So ceph_test_admin_socket_output sent the first admin socket command "cache erase" to the radosgw and that killed the daemon and then ceph_test_admin_socket_output crashed due to the error from 'safe_read' (due to the socket being disconnected). So ceph_test_admin_socket_output was doing it's job.
The crash seems to be specific to radosgw (but in 'common' code) and I can reproduce it locally with that daemon but not the others. Will investigate further.
Updated by Brad Hubbard over 3 years ago
- Pull request ID set to 36938
This is happening due to the code for "cache erase" and "cache inspect" not checking there is a 'target' argument in the command before trying to use it. I have submitted a patch.
Updated by Brad Hubbard over 3 years ago
- Status changed from New to Fix Under Review
Updated by Brad Hubbard over 3 years ago
- Related to Bug #46985: common: validate type CephBool cause 'invalid command json' added
Updated by Brad Hubbard over 3 years ago
Updated by Kefu Chai over 3 years ago
- Pull request ID changed from 36938 to 37098
Updated by Kefu Chai over 3 years ago
- Backport set to octopus, nautilus
- Regression changed from No to Yes
Updated by Kefu Chai over 3 years ago
- Status changed from Fix Under Review to Pending Backport
Updated by Kefu Chai over 3 years ago
please assign the backport to me if the backport script does not work for the related PR.
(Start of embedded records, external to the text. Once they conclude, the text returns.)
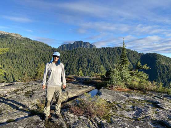 Francis on the summit of “Paton Peak” with Mt. Bishop behind
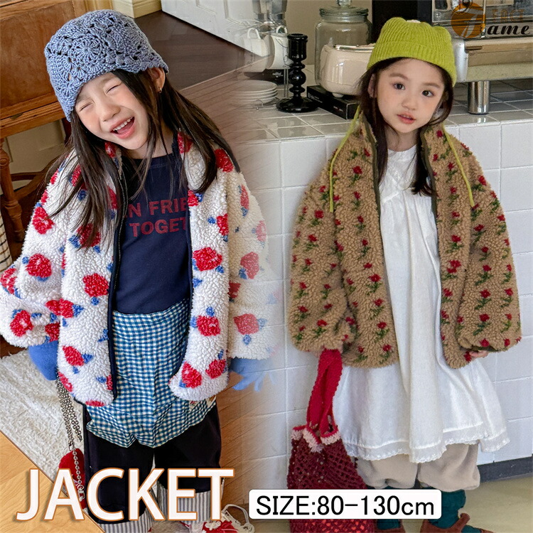 韓国子供服 アウター ボア ジャケット コート 女の子 冬 子ども服 綿入りコート 花柄 羊羔ボア ふわふわ もこもこ 防寒 あったか カジュアル ナチュラル キッズファッション 80cm 9 可愛い
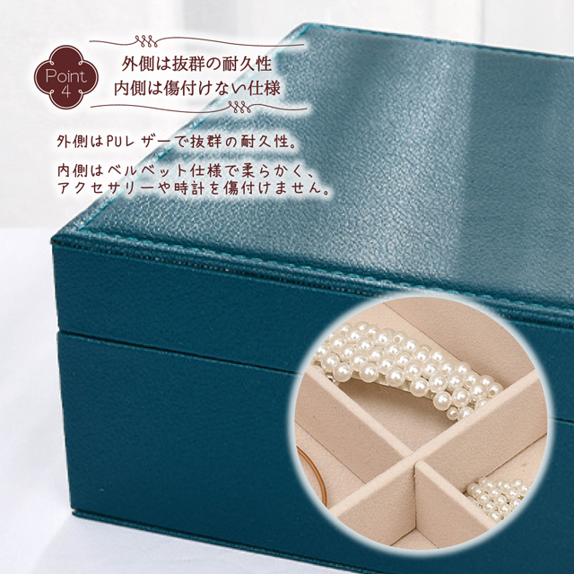 【貴重なジュエリーを守る高品質のレザー】表面は汚れに耐えるPUレザーを採用し、撥水加工も施されているので、ぬれタオルで拭くだけで、宝石箱をきれいに保つことができます。裏地は非常に柔らかいベルベット生地で作られていて、手触りが良く、貴重なジュエリーを傷から守ります。
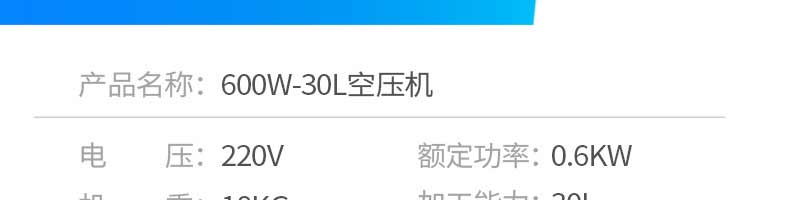 名稱空壓機 電源220v 功率0.6kw 產(chǎn)量30l 尺寸530*290*550mm 重量18kg 規(guī)格 其他
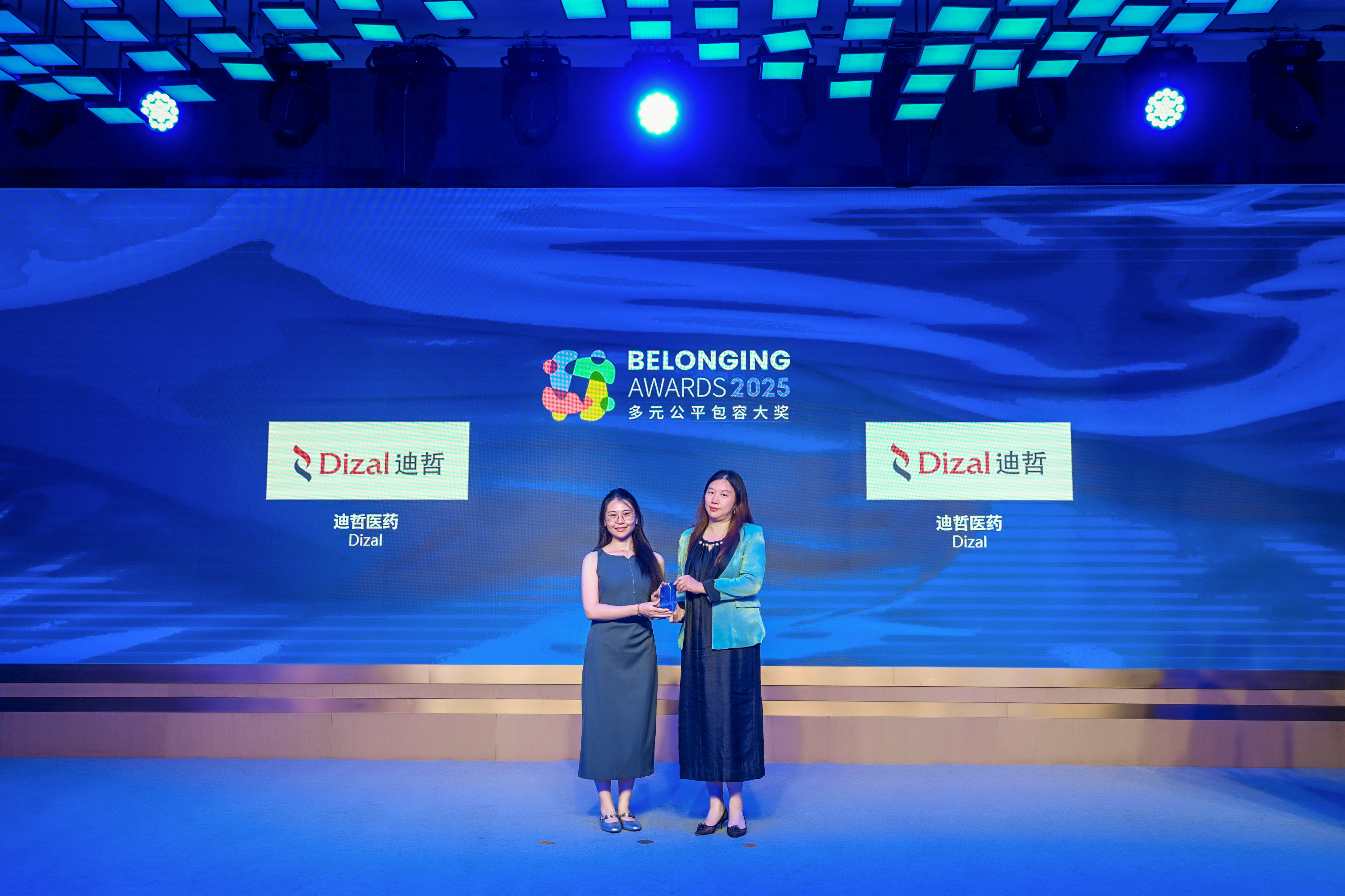 傅海洋女士(右)为迪哲医药(左)颁发2025“多元公平包容大奖” (Belonging Awards)
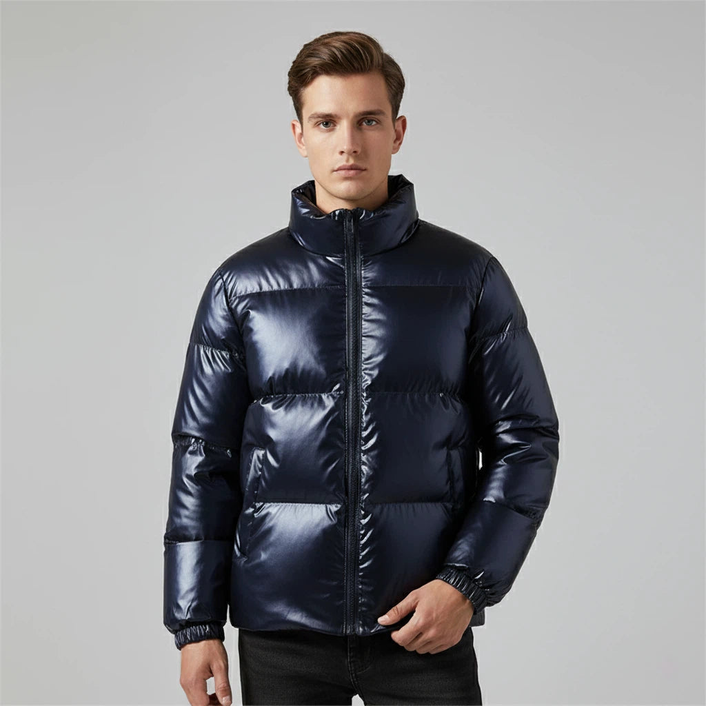 Denne vatterede herrejakke er en mellemlang model med fast hætte og gennemgående lynlås foran. Jakken er beregnet til daglig brug i køligere vejr og til enkle udendørsaktiviteter. Det ensfarvede udtryk gør jakken let at kombinere med forskellige typer beklædning til både fritid og pendling.
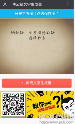 导读想和朋友分享您喜欢的苹果应用? 我想发上微博该是个不错的主意, 更高效的应用平台:App Store浏览太麻烦? 没法找到高质量的应用? 下载苹果应用大全 省时!省力!!省心!搜索功能强大,搜索结果... 想和朋友分享您喜欢的苹果应用? 我想发上微博该是个不错的主意, 更高效的应用平台:App Store浏览太麻烦? 没法找到高质量的应用? 下载苹果应用大全 省时!省力!!省心!搜索功能强大,搜索结果优先列出限免软件和免费软件。 牛皮纸文字生成器怎么玩?牛皮纸文字生成器在哪里?牛皮纸文字有种复古唯美的感觉,所以很多朋友喜欢把你自己的表白和感受写在上面,但是很多人不知道牛皮纸文字生成器在哪里?牛皮纸文字生成器怎么玩,今天pc6小编教教大家牛皮纸文字生成器怎么玩?牛皮纸文字生成器在哪里? 首先扫面下方二维码,关注公众号:
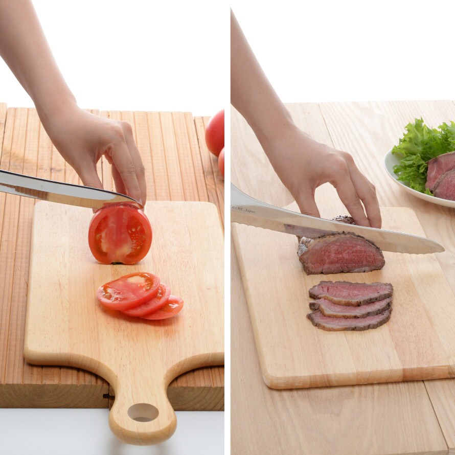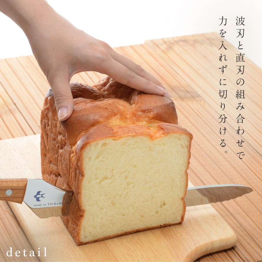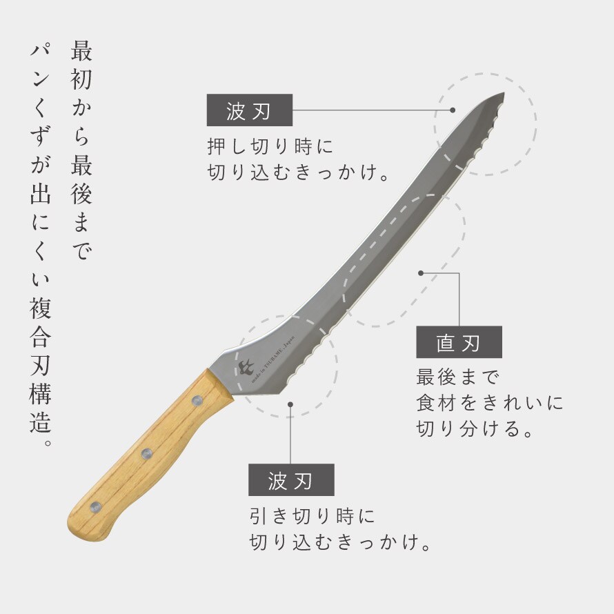 波刃と直刃の2種類の刃の組み合わせにより、パンの切りくずを抑えながらきれいに切り分けられます。波刃のきっかけにより硬いフランスパンも力が入らずに、潰れやすい柔らかい食パンも簡単に切れます。
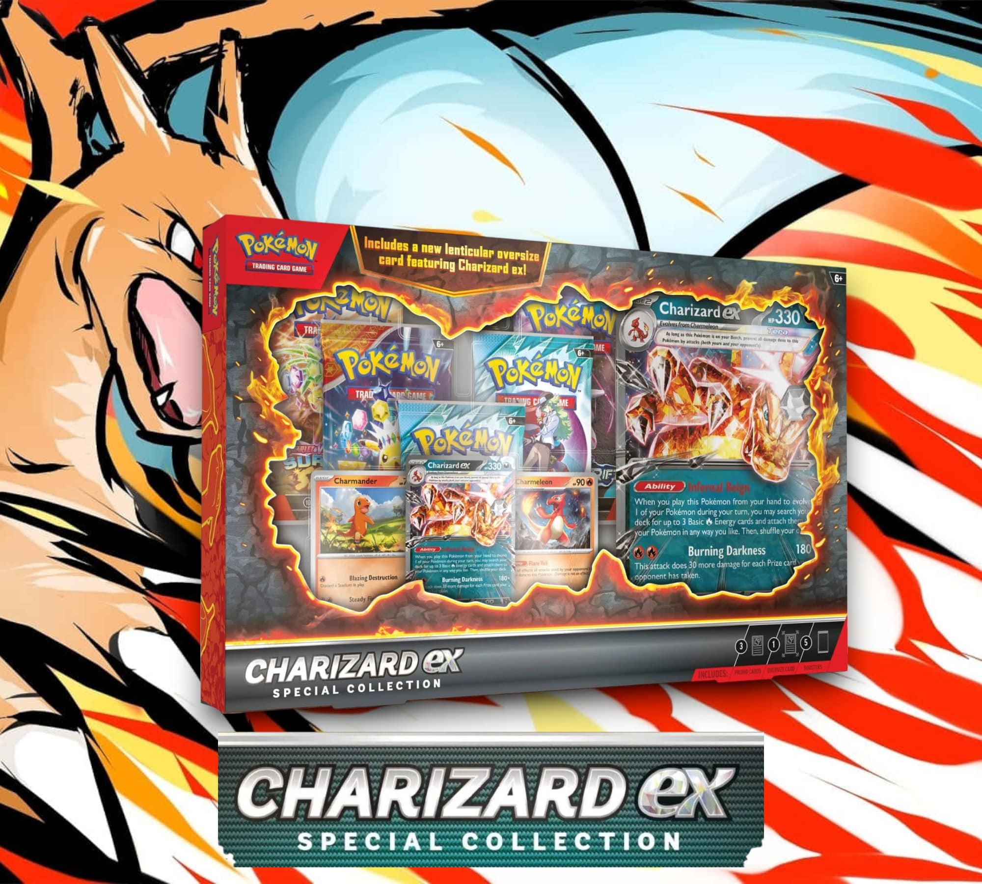 Hazlo evolucionar de Charmander y Charmeleon, utiliza la fuerza de su Habilidad y ataca para volver rugiendo al combate. Este ardiente set viene con 5 sobres de refuerzo de JCC Pokémon y 1 carta jumbo con efecto 3D del Pokémon Llama. Con solo mover esta carta impresa con tecnología lenticular, ¡podrás ver a Charizard ex lanzándose al ataque!
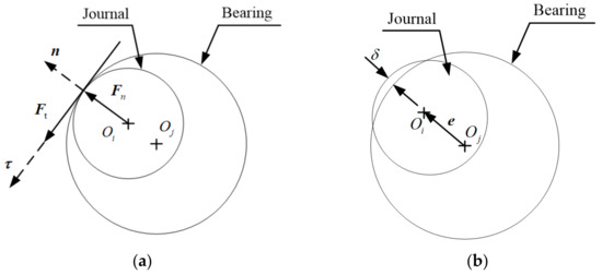 Usually, there are contact-impact characteristics in a real joint with clearance in mechanisms, which includes normal contact force and tangential friction force, shown in Figure 2. When the journal and bearing are in contact, a contact force is applied perpendicular to the plane of contact. The contact forces between the two elements of clearance joints can be described as normal contact force, , and tangential contact force, . Therefore, the constraints of clearance joint are modeled as contact force constraints, which is in line with the real joint. The contact deformation caused by contact and impact between bearing and journal can be represented as Equation (2):

Updated by Nathan Cutler over 3 years ago
- Copied to Backport #47465: nautilus: AdminSocket::do_accept() terminate called after throwing an instance of 'std::out_of_range' added
Updated by Nathan Cutler over 3 years ago
- Copied to Backport #47466: octopus: AdminSocket::do_accept() terminate called after throwing an instance of 'std::out_of_range' added
Updated by Konstantin Shalygin over 1 year ago
- Status changed from Pending Backport to Resolved